Unser Führer für den Abend, der Journalist Tomáš Madleňák vom Ján-Kuciak-Ermittlungszentrum, erzählte uns, dass die im Februar 2018 begangenen Morde Schockwellen in der Slowakei auslösten, da Ján Kuciak der erste Journalist war, der seit der Unabhängigkeit des Landes ermordet wurde.
Er starb, weil er verdächtige Transaktionen eines prominenten slowakischen Geschäftsmannes aufgedeckt hatte. Die Proteste gegen seinen Tod erschütterten die damalige slowakische Regierung und führten zum Rücktritt des Premierministers Robert Fico.
Um das Erbe ihres ermordeten Kollegen zu bewahren, gründete eine Gruppe slowakischer Journalisten das Investigative Centre, eine gemeinnützige Organisation und ein unabhängiges Medienunternehmen mit der Aufgabe, weiterhin organisierte Kriminalität, Korruption und andere kriminelle Aktivitäten sowie Desinformation und dergleichen aufzudecken Förderung in der Slowakei.
Zu sagen, dass mich der Mut von Ján Kuciak und seinen Kollegen bewegt hat, ist eine Untertreibung.

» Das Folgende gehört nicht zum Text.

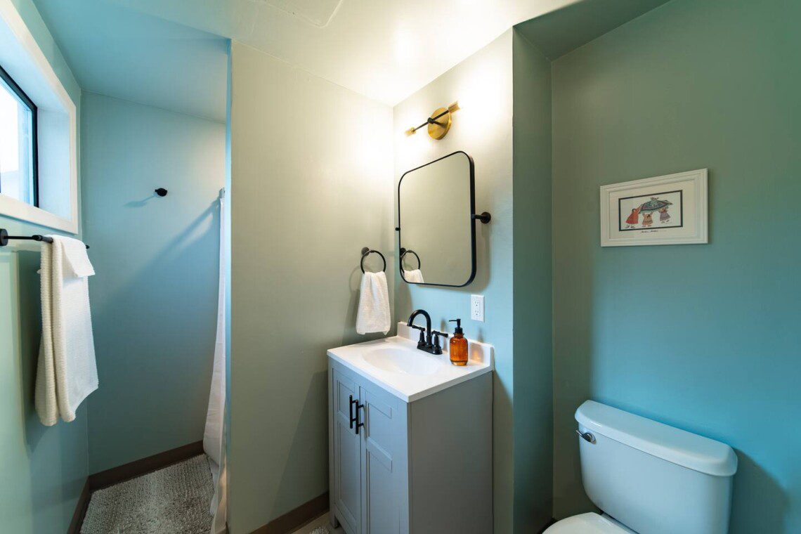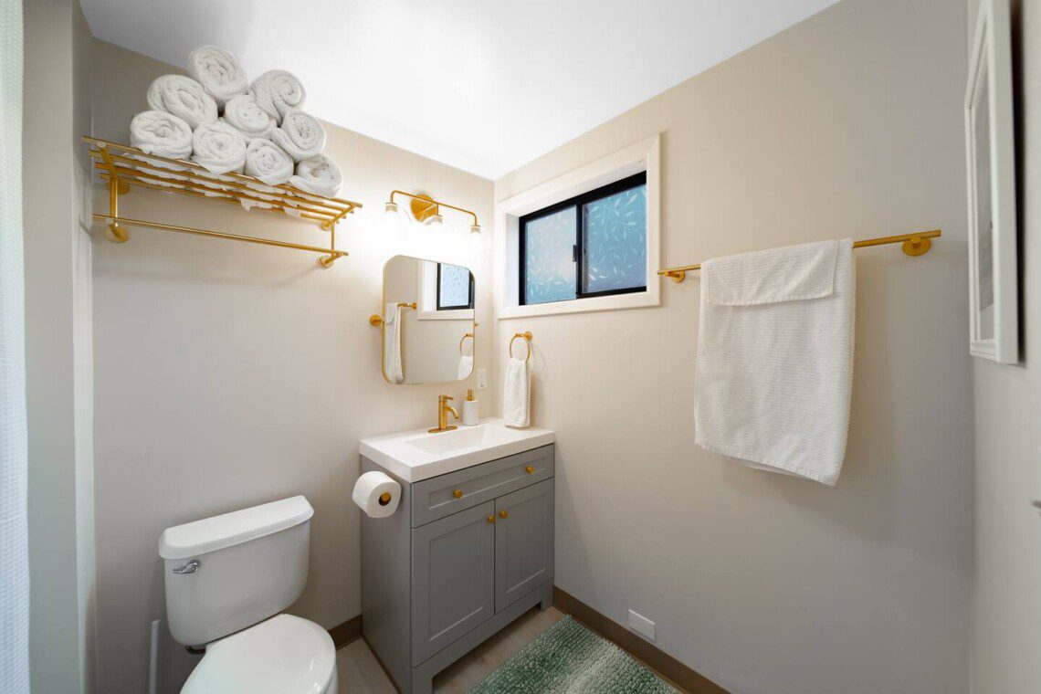 Two full bathrooms with modern updates: one with a tub + shower, one with a walk-in shower. Fresh towels and toiletries provided.
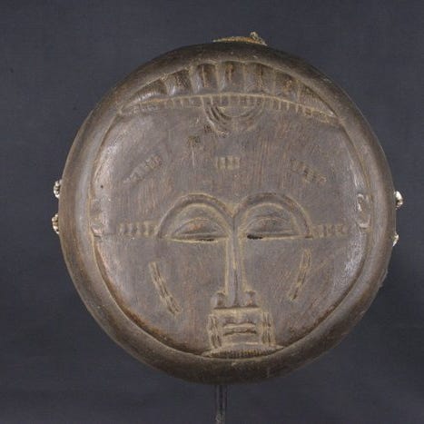 Baoulé-pully fra Elfenbenskysten, træ, autentisk/original, oprindelse Baoulé-kulturen, leveres med stativ, mål H 135 mm (inkl. stativ 10 mm), B 60 mm, D 3 mm. Klik på den blå "gå til varen" knap, for at købe eller byde på denne vare. Den samlede pris vil blive vist inden du afgiver dit bud.
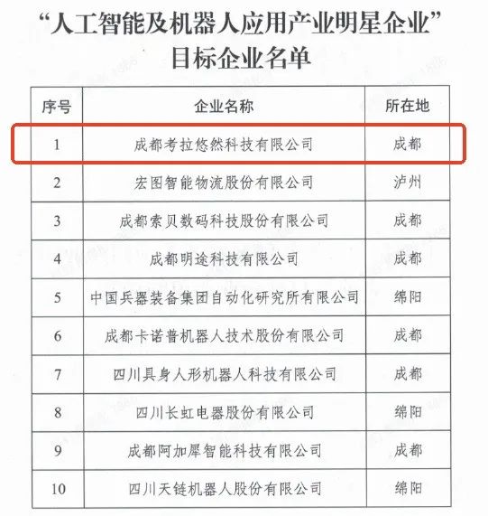 此次入选四川省首批“人工智能及机器人应用产业明星企业”,是对考拉悠然在技术创新、产业落地、市场拓展等多方面卓越表现的高度认可。

An diesem Abend in der slowakischen Hauptstadt, wo wir unser Connecting EU-Seminar 2023 abhielten, beschloss ich, vorzuschlagen, dass das Seminar 2024 dem Journalismus und seinem Kampf für die Wahrheit gewidmet sein sollte.
Connecting EU ist die wichtigste Kommunikationsveranstaltung des EWSA und bringt Kommunikationsexperten der im EWSA vertretenen zivilgesellschaftlichen Organisationen und nationalen Sozial- und Wirtschaftsräte zusammen. Sie findet jedes Jahr statt und konzentriert sich auf ein anderes Thema, das im Mittelpunkt der öffentlichen Debatte steht und für die Zivilgesellschaft relevant ist.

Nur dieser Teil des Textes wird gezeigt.